The Dutch Society of Hematology national guidelines recommends a
combination of equine- ATG 40mg/kg daily for 4 days, oral CsA therapy
and subcutaneous G-CSF as first line therapy in patients with severe AA
not suitable for allogenic haematopoietic stem cell
transplantation13,14. This combination incorporating
G-CSF is efficacious as it allows quick neutrophil recovery and
identifies early non-responders. The use of G-CSF was not associated
with any increase in clonal transformation13. The
overall survival (OS) at 6 and 12 months in elderly patients (aged 60
years and above) treated with ATG-CsA combination therapy was 96% and
88% respectively as compared to only 35% with CsA alone, 22% with
eltrombopag alone and 21% with androgen alone14,15.

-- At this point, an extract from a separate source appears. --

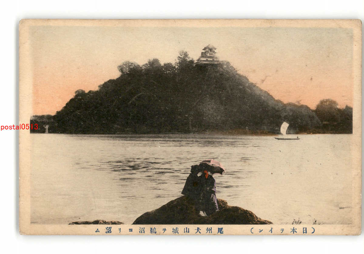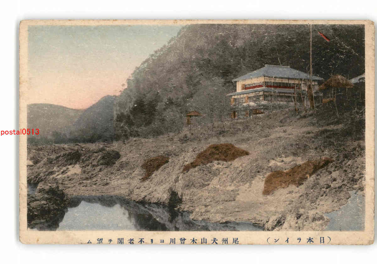 愛知 手彩色 日本ライン 尾州犬山木曽川より不老閣を望む *破れ有り *傷み有り

The overall response rates (ORR) in patients over 70 years receiving
ATG-CsA was 81%15. Patients aged more than 70
receiving ATG-CsA did not appear to suffer from any additional
complications than the younger age group and tolerated the treatment
well15. Among the common complications seen this
subgroup of elderly AA patients (>70 years old) who
received ATG-CsA combination therapy were infections (88%), followed by
acute kidney injury (50%), cardiovascular complications (31%),
haemorrhagic manifestations (19%) and neurological complications
(13%)15. Reducing the dose of ATG without
administering CsA in elderly AA was associated with a lower risk of
treatment toxicity but the response was dismal as only 1 out of the 14
elderly patients achieved a partial haematological response in a British
multicentre study16. It is interesting to note that
the addition of oral eltrombopag at a median maximum dose of 150mg daily
(50-300mg) to standard ATG-CsA combination therapy in newly diagnosed
severe AA with a median age of 47 (19-66), produced an ORR of 90%
(trilineage response: 60%, neutrophil response: 20%, platelet
response: 30%) at 12 weeks of therapy17. Eltrombopag
is well tolerated in the elderly. Besides, sex hormones such as oral
testosterone 40mg/day for 5 days per week demonstrated a 59% ORR in
patients with persistent cytopenia after ATG-CsA
therapy18. Combination of CsA and androgens would be
the treatment of choice for frail patients above the age of 70 who are
not suitable for the more intensive ATG-CsA therapy18.